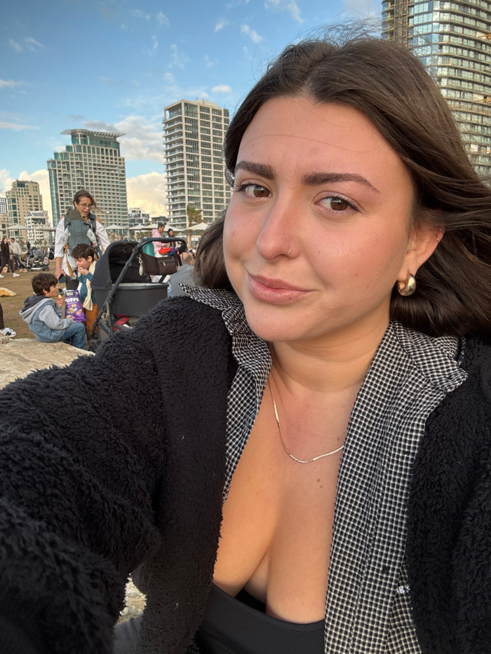 The image displays a female subject in a close-up selfie, positioned in the foreground. She has dark brown hair, a nose ring on her left nostril, and a gold hoop earring on her right ear. Her attire includes a black fleece jacket over an unbuttoned black and white plaid shirt, which reveals a black top and a gold chain necklace. She exhibits a slight smile. The background reveals an outdoor public space, likely a park or beachside area, consistent with the Tel-Aviv coastline in Israel. Prominent high-rise buildings are visible in the background, specifically the Royal Beach Hotel Tel Aviv with its distinctive roofline to the left. In the mid-ground, a woman wearing a light-colored top and a carrying harness is standing and observing two young boys seated on the ground. One boy, dressed in a grey hoodie and blue jeans, is holding a purple snack bag labeled "RUFFLES." The other boy, wearing a multi-colored jacket, sits adjacent to him. A dark-colored stroller is positioned between the adults and children. Additional individuals are scattered across the broader background. The sky is partly cloudy blue. | Open Wire
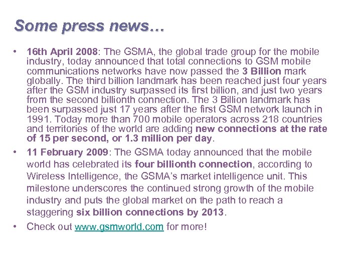 Some press news… • 16 th April 2008: The GSMA, the global trade group for the mobile industry, today announced that total connections to GSM mobile communications networks have now passed the 3 Billion mark globally. The third billion landmark has been reached just four years after the GSM industry surpassed its first billion, and just two years from the second billionth connection. The 3 Billion landmark has been surpassed just 17 years after the first GSM network launch in 1991. Today more than 700 mobile operators across 218 countries and territories of the world are adding new connections at the rate of 15 per second, or 1. 3 million per day. • 11 February 2009: The GSMA today announced that the mobile world has celebrated its four billionth connection, according to Wireless Intelligence, the GSMA’s market intelligence unit. This milestone underscores the continued strong growth of the mobile industry and puts the global market on the path to reach a staggering six billion connections by 2013. • Check out www. gsmworld. com for more!
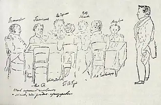«Вдруг я увидел себя в ярко освещённой комнате, перед столом, покрытым красным сукном, около которого сидели все члены нашего Комитета в мундирах и регалиях. Президентское место занимал генерал Татищев, по левую руку от него находились князь А. Н. Голицын, генералы Дибич, Чернышёв, Бенкендорф; по правую — великий князь Михаил Павлович, с.-петербургский губернатор Кутузов, генералы Левашев, Потапов, флигель-адъютант Адлерберг…».

== Exercise instructions ==
An unchanged copy of the data, images excluded, is all that should be given.

== Result of the task ==
 The image displays a female subject in a close-up selfie, positioned in the foreground. She has dark brown hair, a nose ring on her left nostril, and a gold hoop earring on her right ear. Her attire includes a black fleece jacket over an unbuttoned black and white plaid shirt, which reveals a black top and a gold chain necklace. She exhibits a slight smile. The background reveals an outdoor public space, likely a park or beachside area, consistent with the Tel-Aviv coastline in Israel. Prominent high-rise buildings are visible in the background, specifically the Royal Beach Hotel Tel Aviv with its distinctive roofline to the left. In the mid-ground, a woman wearing a light-colored top and a carrying harness is standing and observing two young boys seated on the ground. One boy, dressed in a grey hoodie and blue jeans, is holding a purple snack bag labeled "RUFFLES." The other boy, wearing a multi-colored jacket, sits adjacent to him. A dark-colored stroller is positioned between the adults and children. Additional individuals are scattered across the broader background. The sky is partly cloudy blue. | Open Wire
 Some press news… • 16 th April 2008: The GSMA, the global trade group for the mobile industry, today announced that total connections to GSM mobile communications networks have now passed the 3 Billion mark globally. The third billion landmark has been reached just four years after the GSM industry surpassed its first billion, and just two years from the second billionth connection. The 3 Billion landmark has been surpassed just 17 years after the first GSM network launch in 1991. Today more than 700 mobile operators across 218 countries and territories of the world are adding new connections at the rate of 15 per second, or 1. 3 million per day. • 11 February 2009: The GSMA today announced that the mobile world has celebrated its four billionth connection, according to Wireless Intelligence, the GSMA’s market intelligence unit. This milestone underscores the continued strong growth of the mobile industry and puts the global market on the path to reach a staggering six billion connections by 2013. • Check out www. gsmworld. com for more!
«Вдруг я увидел себя в ярко освещённой комнате, перед столом, покрытым красным сукном, около которого сидели все члены нашего Комитета в мундирах и регалиях. Президентское место занимал генерал Татищев, по левую руку от него находились князь А. Н. Голицын, генералы Дибич, Чернышёв, Бенкендорф; по правую — великий князь Михаил Павлович, с.-петербургский губернатор Кутузов, генералы Левашев, Потапов, флигель-адъютант Адлерберг…».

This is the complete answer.